> [ABOUT THIS EXERCISE]
In the records below, find the line that contains "Una silueta minimalista" and the line that contains "今庄そばでにしんそばである。"; write out exactly those two lines and everything between them, without the pictures.
○ ○ ○ ○ ○
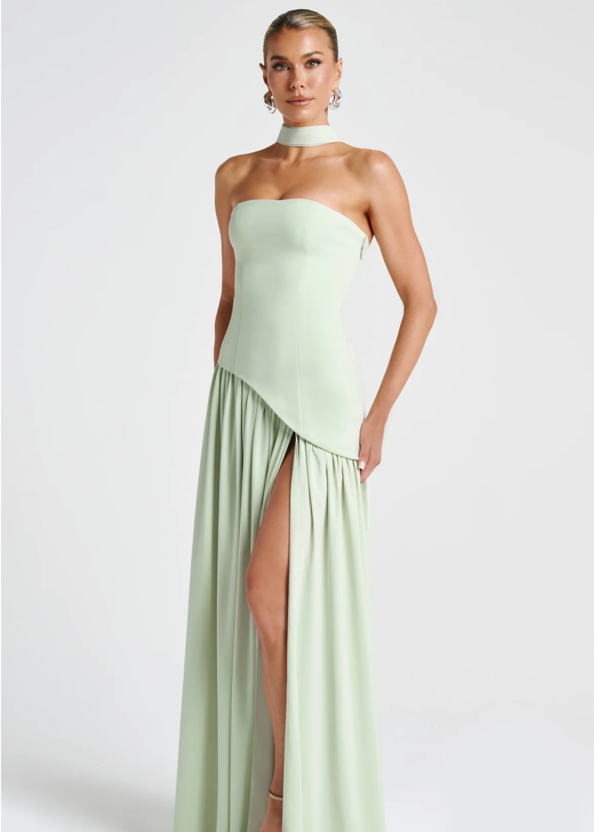 Son bustier sans manches met en valeur les épaules et le décolleté, tandis que sa longue fente sur la jambe apporte une touche glamour irrésistible. Une coupe pensée pour conjuguer audace et élégance.
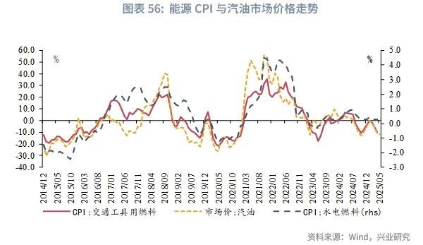 能源价格主要影响CPI中的交通工具用燃料以及水电燃料分项,集中体现为汽油价格。国内汽油价格很大程度受国际原油价格的影响,参考兴业研究外汇商品部观点,下半年布伦特原油价格或在60-68美元/桶区间波动[13],中枢相较2024年下半年价格中枢77.7美元/桶同比下跌17.6%,同比跌幅略大于上半年的14.7%。油价回落对整体CPI的拖累作用仍将持续。
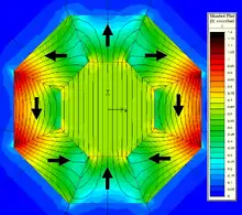 The direction of magnetization of the wedges in (A) can be calculated using a set of rules given by Abele and allows for great freedom in the shape of the cavity. Another class of design is the magnetic mangle (B), proposed by Coey and Cugat,[17][18] in which uniformly magnetized rods are arranged such that their magnetization matches that of a Halbach cylinder, as shown for a 6-rod design. This design greatly increases access to the region of uniform field, at the expense of the volume of uniform field being smaller than in the cylindrical designs (although this area can be made larger by increasing the number of component rods). Rotating the rods relative to each other results in many possibilities, including a dynamically variable field and various dipolar configurations. It can be seen that the designs shown in (A) and (B) are closely related to the k = 2 Halbach cylinder. Other very simple designs for a uniform field include separated magnets with soft iron return paths, as shown in figure (C).
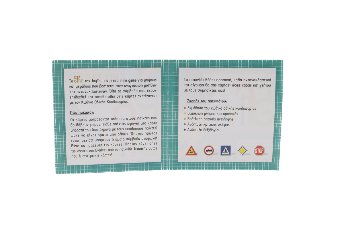 Το Five είναι ένα επιτραπέζιο mini game που βασίζεται στην ταχύτητα αντίληψης και την αναγνώριση μοτίβων, με θεματολογία από τον Κώδικα Οδικής Κυκλοφορίας. Οι παίκτες ανοίγουν ταυτόχρονα από μία κάρτα μπροστά τους και προσπαθούν να εντοπίσουν πρώτοι πότε εμφανίζονται 5 όμοια σύμβολα. Όποιος το δει πρώτος, αναφωνεί “Five” και παίρνει τις κάρτες.
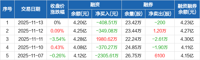 梅花生物:融资净偿还408.51万元,融资余额4.2亿元(11-13)
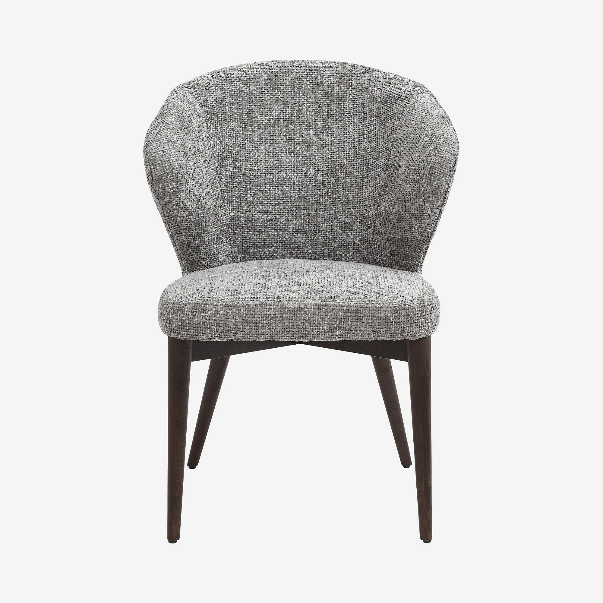 Una silueta minimalista con curvas envolventes, realzada por la suavidad de la tela chenilla. La silla Luris está pensada como un toque de elegancia, sutil y acogedora a la vez.
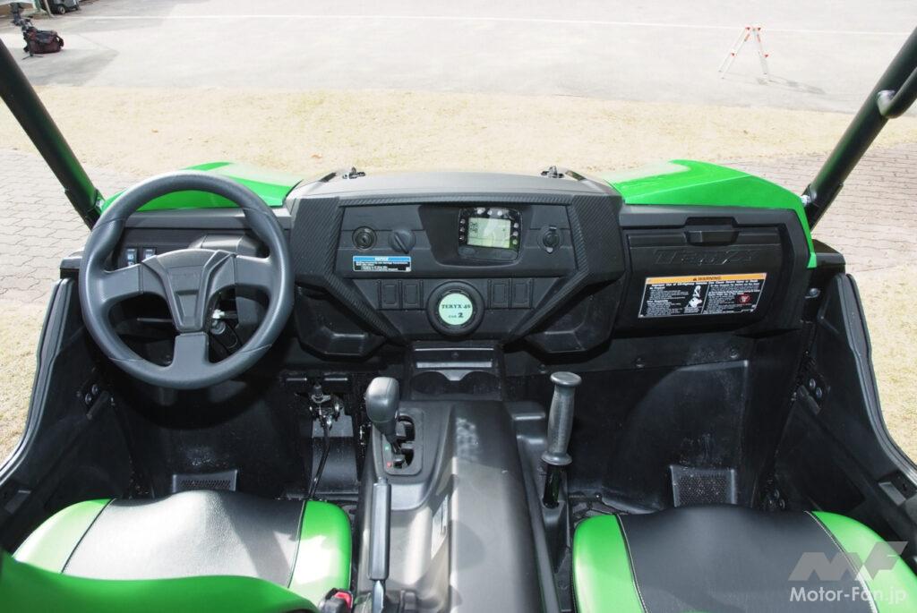 しかし今回、カワサキモータースジャパンが正規販売するのは、ハンドルとペダルを備え複数名乗車が可能な”クルマ”で、アメリカを中心に人気の小型”オフロードバギー”だ。
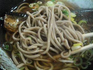 今庄そばでにしんそばである。雪吹雪の日にはこのような駅そばで暖まるのがいい。北陸地方の駅そばは、福井が「今庄そば」、石川が「白山そば」、富山が「立山そば」(高岡はなぜか今庄そば)に分かれているらしい。かえしは醤油色をしている。こちらはまだ透明感の高いものではないのかな。やや太めで柔らかめのそばに、甘辛く煮てあるにしんと汁がピッタリと合い、おいしい駅そばとなっている。(2008/2/17)
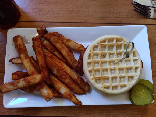No. Just no. I hate leaving bad reviews for local establishments but I just can not tell others about my bad experience. My family and I came here on a Sudnay afternoon while on vacation. It had decent reviews and it had a pretty fool proof menu. It took 15 minutes to get our drinks. Which they didnt have root beer anymore. No big deal but then We got 2 "giant" soft pretzels. It was so hard and the cheese was so cold I sent it back. It tasted freezer burnt and was a normal pretzel from a box. The one had BBQ sauce on the plate the waiter said it was grease... It was baked. The food came out 40 minutes later. Our medium burger was 100% well done and the mushrooms were obviously from a can. I know its not a fancy place but it was not good. Another 20 minutes sitting and waiting we had to find our waiter and ask for the check.. 15 minutes later he finally came back. I was so angry we wasted our money on such terrible food and service. I told a few ppl in line waiting they should go elsewhere. I suggest you do the same as well. Maybe the good reviews are ppl that came in after they visited the cannibas shop...
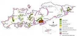 Box–ironbark forest is found on rocky, often auriferous (gold-bearing), soils, in flat and undulating landscapes at altitudes of 150–600 m above sea level, and with an average annual rainfall of 500–800 mm. About 40% of the area formerly supporting the ecosystem in Victoria is public land with less than 20% protected in conservation reserves. About 55% has been permanently cleared for agriculture, mining and urban development. Remaining forest has been fragmented.[1]
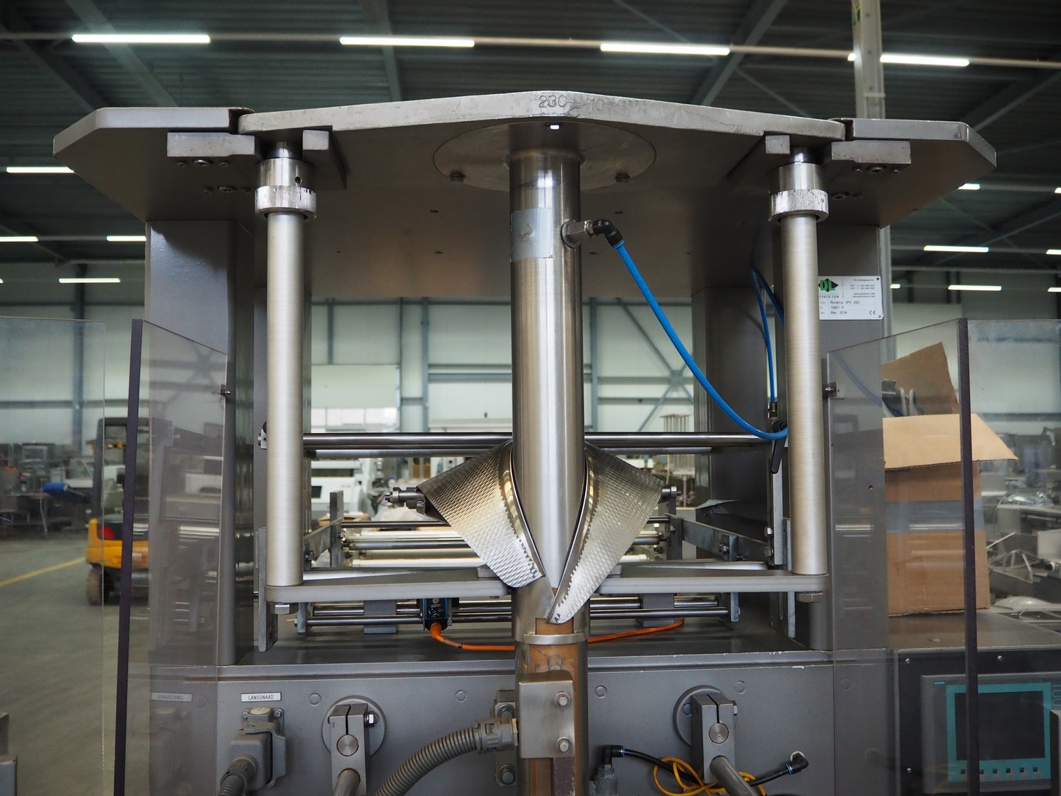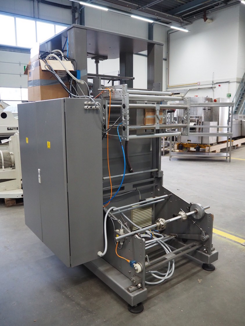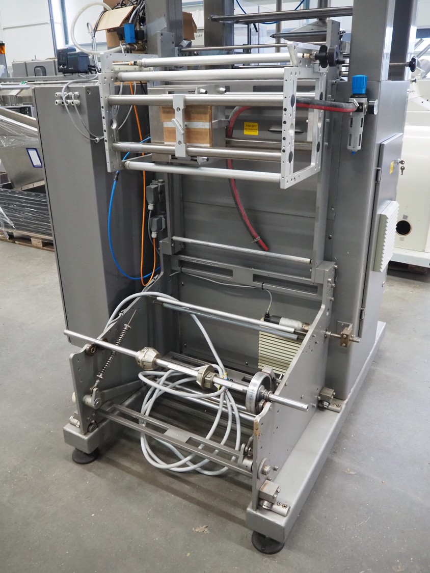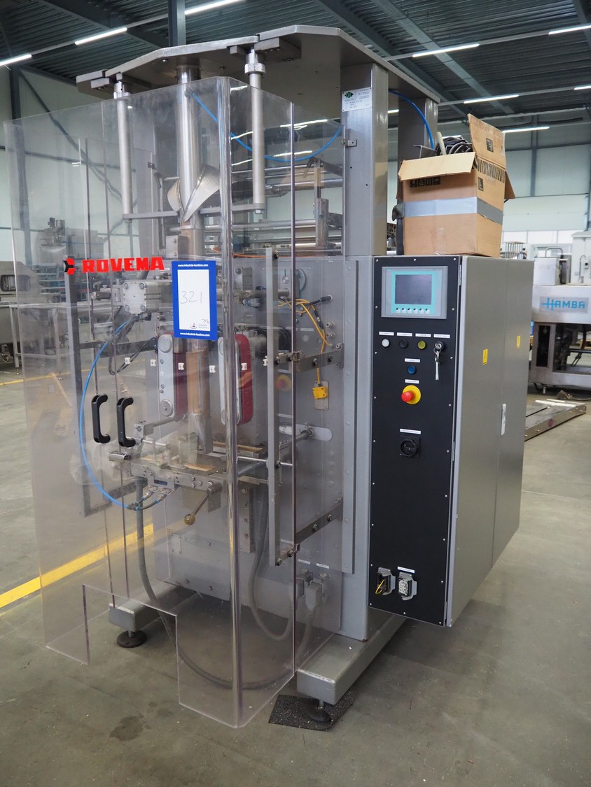 Rovema vertical bag forming, filling and sealing machine, type: VPX 250, number: 13601 P, horizontal seal width: 280 mm, vertical seal length: 360 mm, total dimensions: 2000 mm x 1400 mm x 2050 mm. Including pallet with parts. Year of revision: 2014.
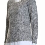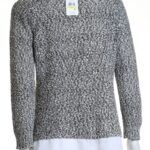 Новый хлопковый джемпер Calvin Klein серого цвета (вязка «букле» в сочетании белых и черных нитей). Оригинальный дизайн «2-в-1»: белая вставка по низу, создает впечатление, что под джемпером надета блузка. Длинный рукав. Стильное дополнение к брючкам, джинсам или юбке. В составе: 86% хлопок, 14% п.э. Состояние — новое с фирменной биркой Calvin Klein. Цена на бирке — 89.5$.
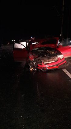 Martorii afirmă că șoferul mașinii de culoare roșie circula regulamentar pe DN7 dinspre Arad când o mașină i-a ieșit în față de pe o stradă din localitate.
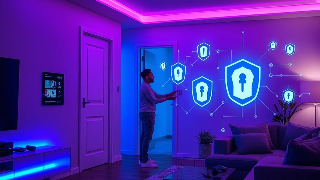 To boost your smart home security, consider isolating your IoT devices from your main network. Creating virtual networks helps prevent potential breaches from spreading, while monitoring network traffic keeps you aware of unusual activity. These steps make it harder for hackers to access your sensitive information or control your devices. Additionally, implementing robust safety measures can further protect your smart home from emerging AI vulnerabilities.
○ ○ ○ ○ ○
> [TASK OUTPUT]
 Una silueta minimalista con curvas envolventes, realzada por la suavidad de la tela chenilla. La silla Luris está pensada como un toque de elegancia, sutil y acogedora a la vez.
 しかし今回、カワサキモータースジャパンが正規販売するのは、ハンドルとペダルを備え複数名乗車が可能な”クルマ”で、アメリカを中心に人気の小型”オフロードバギー”だ。
 今庄そばでにしんそばである。雪吹雪の日にはこのような駅そばで暖まるのがいい。北陸地方の駅そばは、福井が「今庄そば」、石川が「白山そば」、富山が「立山そば」(高岡はなぜか今庄そば)に分かれているらしい。かえしは醤油色をしている。こちらはまだ透明感の高いものではないのかな。やや太めで柔らかめのそばに、甘辛く煮てあるにしんと汁がピッタリと合い、おいしい駅そばとなっている。(2008/2/17)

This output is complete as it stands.